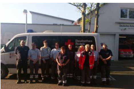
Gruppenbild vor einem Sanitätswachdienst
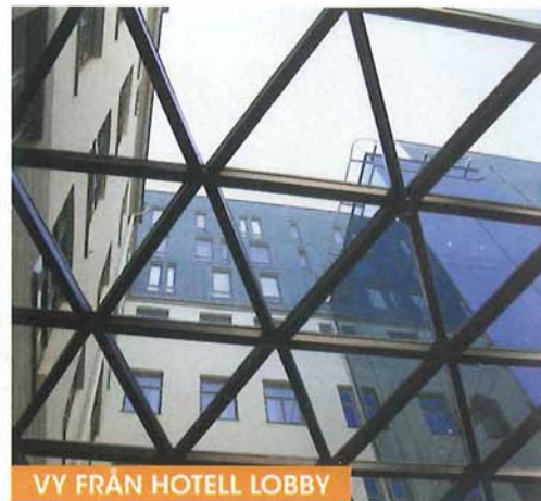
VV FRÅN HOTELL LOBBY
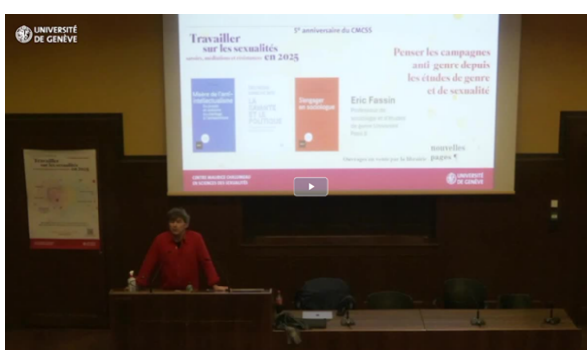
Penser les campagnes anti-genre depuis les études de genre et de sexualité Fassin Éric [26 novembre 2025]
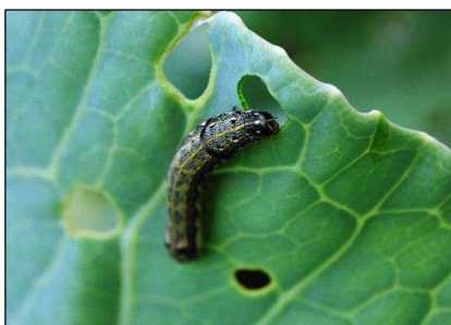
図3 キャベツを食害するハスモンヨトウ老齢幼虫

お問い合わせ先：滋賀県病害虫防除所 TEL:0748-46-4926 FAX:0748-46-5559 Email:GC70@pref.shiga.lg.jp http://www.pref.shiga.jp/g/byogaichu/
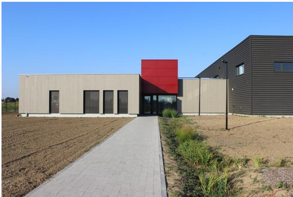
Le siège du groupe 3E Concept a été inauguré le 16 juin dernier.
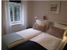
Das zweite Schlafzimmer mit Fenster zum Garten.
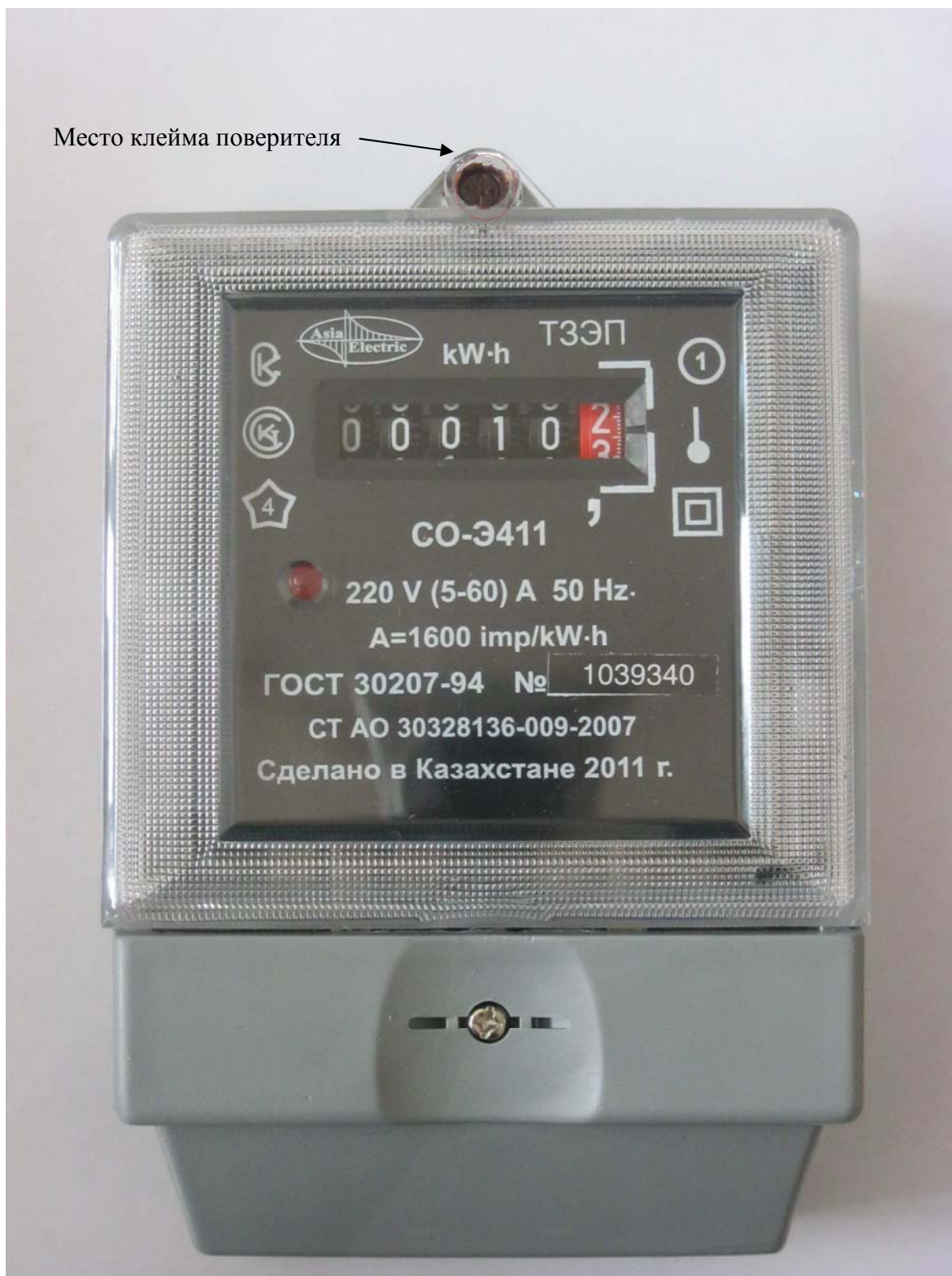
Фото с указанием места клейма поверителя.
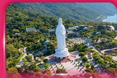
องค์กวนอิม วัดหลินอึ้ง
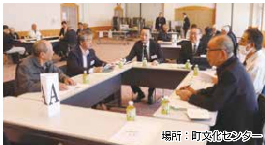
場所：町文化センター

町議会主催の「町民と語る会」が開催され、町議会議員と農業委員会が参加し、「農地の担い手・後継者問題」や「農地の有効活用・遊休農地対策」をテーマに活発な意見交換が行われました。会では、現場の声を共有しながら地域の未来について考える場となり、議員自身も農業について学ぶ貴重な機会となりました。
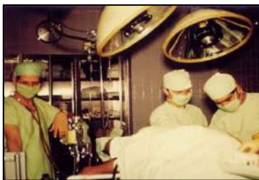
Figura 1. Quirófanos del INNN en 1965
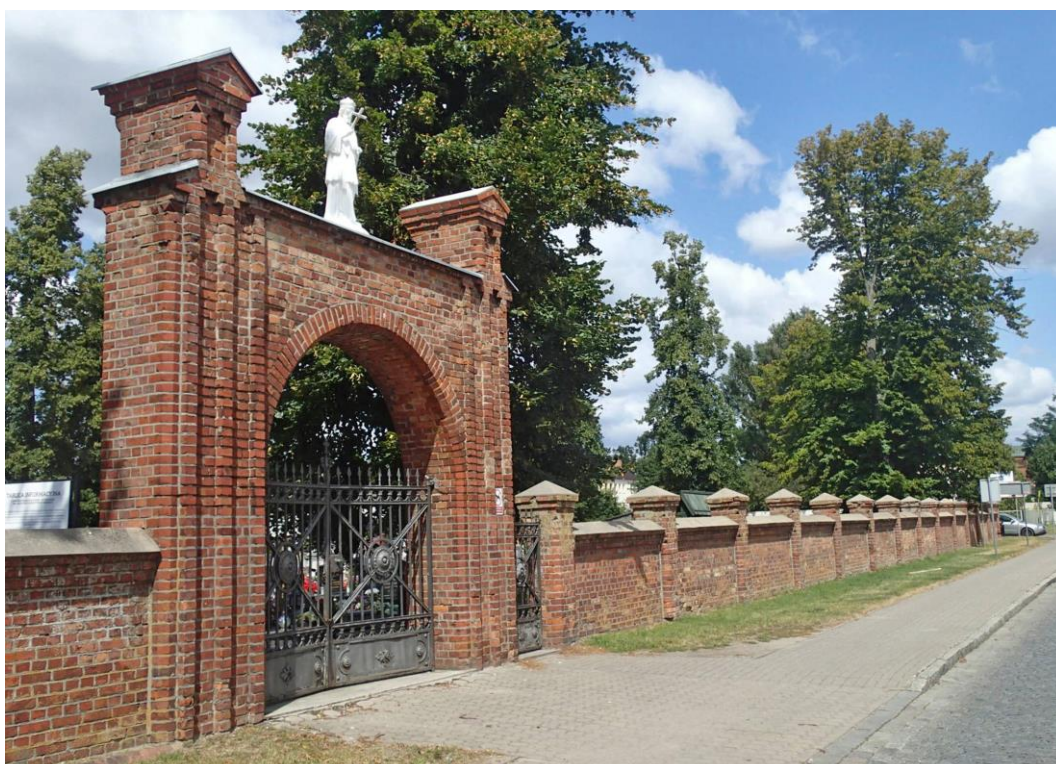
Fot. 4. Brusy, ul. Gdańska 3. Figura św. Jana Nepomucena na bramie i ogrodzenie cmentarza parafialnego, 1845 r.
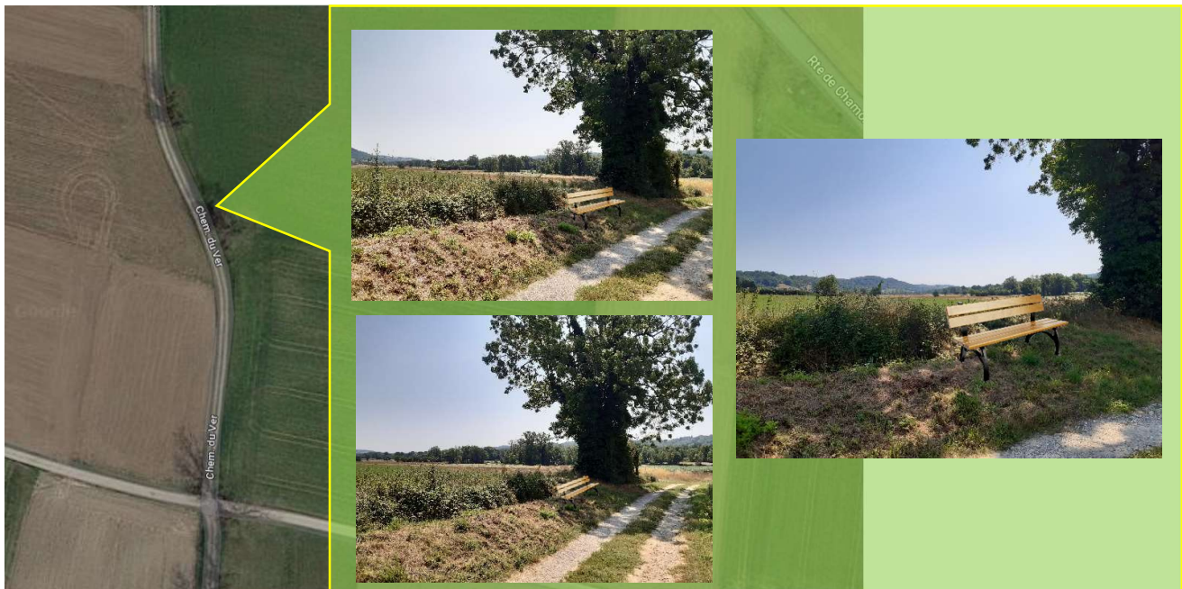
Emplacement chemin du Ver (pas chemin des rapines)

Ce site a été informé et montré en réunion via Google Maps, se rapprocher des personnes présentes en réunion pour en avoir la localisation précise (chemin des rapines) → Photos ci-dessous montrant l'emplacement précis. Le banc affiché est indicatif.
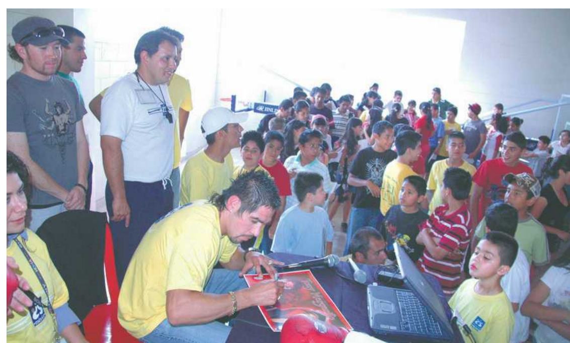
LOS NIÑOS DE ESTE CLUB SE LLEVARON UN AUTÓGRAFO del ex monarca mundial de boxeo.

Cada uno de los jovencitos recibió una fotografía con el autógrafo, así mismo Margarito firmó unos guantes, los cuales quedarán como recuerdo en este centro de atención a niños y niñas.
+ + + +
Where a line contains "図3 キャベツを食害するハスモンヨトウ老齢幼虫", begin there and transcribe every line through the last one of the records above, exactly and with no pictures.

図3 キャベツを食害するハスモンヨトウ老齢幼虫

お問い合わせ先：滋賀県病害虫防除所 TEL:0748-46-4926 FAX:0748-46-5559 Email:GC70@pref.shiga.lg.jp http://www.pref.shiga.jp/g/byogaichu/
Le siège du groupe 3E Concept a été inauguré le 16 juin dernier.
Das zweite Schlafzimmer mit Fenster zum Garten.
Фото с указанием места клейма поверителя.
องค์กวนอิม วัดหลินอึ้ง
場所：町文化センター

町議会主催の「町民と語る会」が開催され、町議会議員と農業委員会が参加し、「農地の担い手・後継者問題」や「農地の有効活用・遊休農地対策」をテーマに活発な意見交換が行われました。会では、現場の声を共有しながら地域の未来について考える場となり、議員自身も農業について学ぶ貴重な機会となりました。
Figura 1. Quirófanos del INNN en 1965
Fot. 4. Brusy, ul. Gdańska 3. Figura św. Jana Nepomucena na bramie i ogrodzenie cmentarza parafialnego, 1845 r.
Emplacement chemin du Ver (pas chemin des rapines)

Ce site a été informé et montré en réunion via Google Maps, se rapprocher des personnes présentes en réunion pour en avoir la localisation précise (chemin des rapines) → Photos ci-dessous montrant l'emplacement précis. Le banc affiché est indicatif.
LOS NIÑOS DE ESTE CLUB SE LLEVARON UN AUTÓGRAFO del ex monarca mundial de boxeo.

Cada uno de los jovencitos recibió una fotografía con el autógrafo, así mismo Margarito firmó unos guantes, los cuales quedarán como recuerdo en este centro de atención a niños y niñas.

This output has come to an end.